Ash Wednesday meditation from Lent is Not Rocket Science

I find it very evocative that the ashes we use on this day come from the destruction of the work of creation.

You might be interested in some of the thoughts of mine about Ash Wednesday that we’ve posted on our diocesan blog. Here’s a taste:

“I find it very evocative that the ashes we use on this day come from the destruction of the work of creation. The microbes and cellular creatures of creation labored for years to organize the minerals and chemicals that made up the structure of the leaf of palm. When we cut the leaf off the tree, taking it away from its source of nourishment and water, those cells began to die. They dried out and become mere husks of what they once were. But the fire of Fat Tuesday released the molecules back into the atmosphere so that a new plant could use them again. Fire, water, air, and Earth are all present in the moment of the creation of the ashes. And though we put the end product on our foreheads, the life-giving parts have been returned to creation to be used again and again.”

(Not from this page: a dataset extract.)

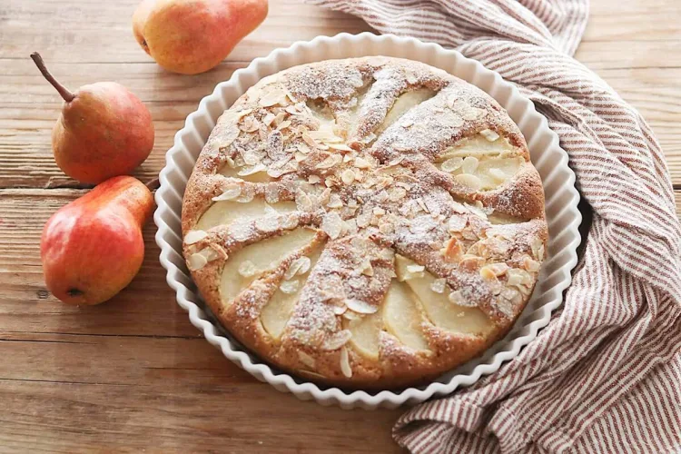 - Incorpore as peras cortadas, envolvendo delicadamente na massa.

The full meditation is posted here.

It’s from my new book published by Forward Movement. You can read the first week’s meditations on our diocesan blog linked above, and download the ebook for Amazon Kindle, Barnes & Noble Nook, or iTunes at a discounted $1.99 price to follow along as we discuss this book the rest of Lent. The print editions of the book sold out three weeks ago, but there will be additional copies printed for next year and following. (Links to the ebooks are also found on the diocesan blog.)

Author: Nick Knisely

Episcopal bishop, dad, astronomer, erstwhile dancer...

3 thoughts on “Ash Wednesday meditation from Lent is Not Rocket Science”

  1. I read it this morning. Very meaningful. I had to explain the second flame to my wife, however (she’s not in to science . . . )

  2. Thanks. I tried to get the book and saw it was back ordered.